# Microsoft-excel newlines and tab

Current I use "CONCATENATE" to join string in Excel, but I want insert character newlines and tab in string joined by "CONCATENATE".

Example:

• I've string below when I completed join string.

"Today is very beautiful"

• I expected string newlines and tab auto as below:

Today is
verry
beautiful


How to do that?

• Not a solution for Excel users, but it might help someone: The spreadsheet program "Gnumeric" accepts tabs. – Nicolas Raoul Sep 2 '16 at 7:54

As TAB cannot be displayed in Excel cell, instead of using CHAR(9), in order to indent the line, I recommend using spaces. By using REPT() function, it will be easier to control the indent width by specifying the number of spaces (e.g. 4).

=CONCATENATE(A1, CHAR(10), REPT(" ", 4), A2)


Alternatively, I usually use & for concatenation to simplify the formula.

=A1 & CHAR(10) & REPT(" ", 4) & A2


Lastly, you have to format the cell as "Wrap text" by CTRL-1 > Alignment

You can try this formula:-

=CONCATENATE(A1,CHAR(10),CHAR(9),B1,CHAR(10),CHAR(9),C1)


Here

CHAR(10) - Line Feed/New Line
CHAR(9)  - Horizontal Tab


To see new line, you need to mark as checked on the Wrap Text box

Right click on Cell --> Format Cells --> Click on Alignment Tab --> Under Text control --> Check the box "Wrap Text"

Note: Tab spacing won't appear on the Cell

• Here's a link to the Excel help for the CHAR function. Here's the table of values that you can use on Windows and on Mac via Wikipedia. It is important to note that the results may be different on each OS. – Elliott Jun 11 '17 at 17:23

You could try adding newline and tabs yourself, as just another text element:

=CONCATENATE("Today is", Chr(13), Chr(9), "verry", Chr(13), Chr(9), "beautiful"

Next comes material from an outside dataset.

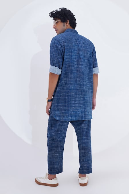 Blue linen kurta featuring all-over printed checkered motifs, front patch pockets, and a shirt collar. Paired with matching pants for a complete look.

whereas Chr(13) produces a newline and Chr(9) a tab.

• Sorry Boy's Rules, Char(13) is a carriage return, not new line. My bad – boretom Mar 28 '12 at 19:10

This post is old, but I wasn't able to find any satisfying answer to this question anywhere on Google, hence here's what I've come up with:

=CONCAT("Today is";CHAR(10);REPT(CHAR(1);2);"very";CHAR(10);REPT(CHAR(1);2);"beautiful")


will display as:

...which is more or less like this:

Today is
very
beautiful


CHAR(1) is the unprintable "Start of Heading" character in the ASCII system

Microsoft Office 365 ProPlus

You can also use "&" chars to concatenate text in Excel, as below:

The clause: =CONCATENATE(A1,CHAR(10),CHAR(9),B1,CHAR(10),CHAR(9),C1) could be written as:

 =A1&CHAR(10)&CHAR(9)&B1&CHAR(10)&CHAR(9)&C1


This form will be interesting when CONCATENATE overflows (it has a limit of entries).

There seems to be no way to make  ="some string"&char(9)&"another string"  work. The resulting text pasted as plain text in a txt file or a as unformated text in word is as follows:  "some string another string"  Including the unwanted double quotes. If pasted as keep or merged formatting it is as follows:  some string another string  Please note that the tab has been replaced with a single space.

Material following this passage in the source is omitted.